Anticamente il porco veniva sacrificato sull’altare della dea Maia, dea della produttività e dell’abbondanza. Maia era ritenuta la moglie del dio Vulcano ed ogni 1° maggio il "Flamen-Vulcanalis", sommo sacerdote in suo onore, sgozzava sulla pietra sacrificale, una "Porca Pregna". Di fatto, il porcus, già suinus, grazie alla dea Maia diventava maialis, animale di lignaggio apprezzato da tutti. L’insudiciarsi per difendersi dai parassiti non ha però giovato alla sua immagine: lo ha reso immondo, sudicio tant’è che certe culture indiana, israelita, mussulmana lo hanno bandito (anche per altri motivi). Nel periodo medievale la pastura nei boschi era regolamentata da apposite leggi "Diritto Ghiandatico", per cui si poteva raccogliere ghiande dal bosco, pur non essendone proprietario. Il periodo migliore per ammazzare il porco, va da novembre a gennaio. E’ opportuno che l’animale rimanga digiuno il giorno prima dell’inizio della "salata". L’addetto alla mattanza conficca un affilatissimo coltello nella gola della bestia fino a recidere la vena grossa, il sangue che copioso defluisce viene raccolto dalle donne presenti che provvederanno a prepararlo al più presto: lessato, tagliato a pezzetti, e rifatto in padella con olio e cipolla oppure aggiunto al sugo di carne che andrà a condire la polenta o ancora a comporre un dolce tipico pesarese: il Migliaccio. Con l’aiuto di acqua bollente si pela velocemente il maiale. Appeso a testa in giù, si divide con precisi colpi di "mannarina" in due parti uguali: "le pacche" che dovranno fermarsi per 24 ore, ed ecco che come per incanto, compiuto il nobile sacrificio, l’impuro maiale ridiventa "il divin porcello". Quindi il pistarolo, norcino etc inizia la sua opera maestra e "pista", batte, sminuzza, trita ed insacca, taglia, divide, seleziona, sala, governa la carne che si sublimerà nell’:

- intensità della "coppa di testa" che raccoglie in sé sensazione gustative molto originali: si uniscono le parti carnose della testa (orecchie, musetto, gola), vengono bollite lentamente per ore e poi, sminuzzate finemente sono unite alla cannella e alla noce moscata e ai pinoli, alle mandorle, alla buccia d’arancia tritata e a volte alle olive. Il tutto amalgamato senza far raffreddare l’impasto perché altrimenti non si "apparenta", racchiuso nel budello "trombone", legato strettamente e pressato, viene gustato nei giorni successivi.

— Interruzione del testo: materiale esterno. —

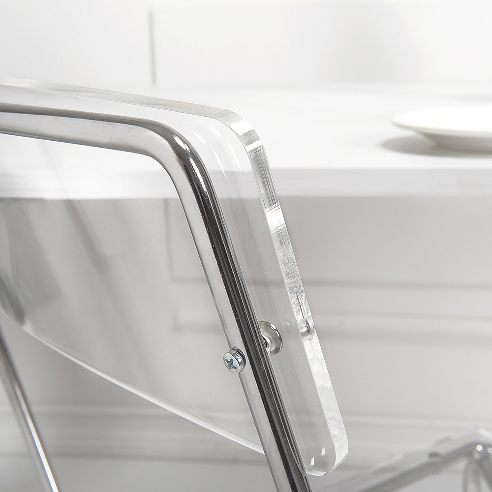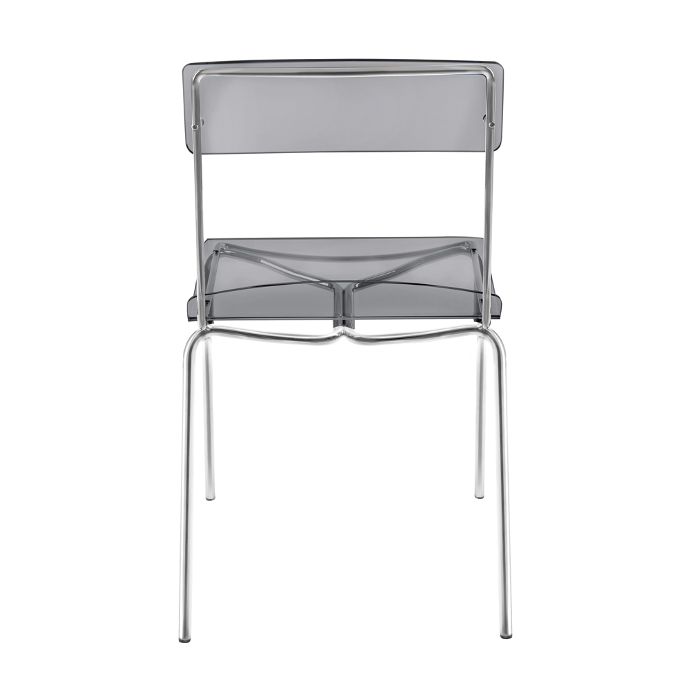 Krzesło do jadalni ze skorupą z pleksiglasu i metalową konstrukcją chromowaną na srebrno , w całości wyprodukowane we Włoszech . Idealne rozwiązanie meblowe dla osób poszukujących prostoty i wszechstronności użytkowania , aby móc urządzić domowe przestrzenie o nowoczesnym charakterze i wysokiej funkcjonalności . Kształt konstrukcji umożliwia również układanie ich w stosy, dzięki czemu doskonale sprawdza się również w przestrzeniach kontraktowych, takich jak bary i restauracje.

- unicità della salsiccia, sia essa di carne, di fegato, di Fano o di Filottrano, perché in se racchiude tutto ciò che serve. Può essere cotta e gustata così come è, basta una fonte di calore. In sé ha la carne, il grasso, le spezie, il sale e gli aromi, protetti dal suo budello gentile. E’ talmente completa che riesce a regalare ai compagni di cottura i suoi tipici umori. Di lei dicono bene le lenticchie, le verze, i fagioli, i pomodori, il riso, la polenta e...

- Parente della salsiccia è il ciauscolo o ciabuscolo, salame che nelle sue diverse versioni attraversa tutta la Regione, fungendo da tratto di unione fra tutte le sue specialità. Di esso si conoscono quello di carne, di fegato e il bastardo. Il suo impasto diventa a grana sempre più fine, quasi una pasta, nel passare dalla zona costiera a quella montana.

- Altro simbolo del porco è lo strutto che si prepara facendo scaldare a fuoco lentissimo la sugna (parte grassa che avvolge i reni, l’intestino e la milza) e che, filtrata, lascia come residuo le parti solide dette grasselli o ciccioli. Con il grasso fuso si riempie la vescica del maiale che lo conserva poi tutto l’anno mentre i grasselli, che nel frattempo avranno raggiunto una invitante colorazione ambrata, servono per condire la crescia in un accostamento tra i più riusciti.

Non dimentichiamo la schiera dei salami, dei prosciutti, delle lonze e dei lonzini, le costarelle, la barbaja, gli zamponi e i cotechini, gli zampetti, il codino, il lardo salato e così via. Ognuno avrebbe bisogno di attenzioni a parte. La rete o velo del maiale avvolge i cibi in cottura, li abbraccia proteggendoli dal calore diretto e cede la sua porzione di grasso insaporendo e ammorbidendo: è ciò che succede al fegato del porco che, condito con sale, pepe e fior di finocchio, ci consegna fumanti e sorprendenti fegatelli, ma è poi giusto che il maiale debba essere il simbolo della trasgressione alimentare e di tutte le malattie? Povero porco, eppure lui si ritiene il migliore amico dell’uomo.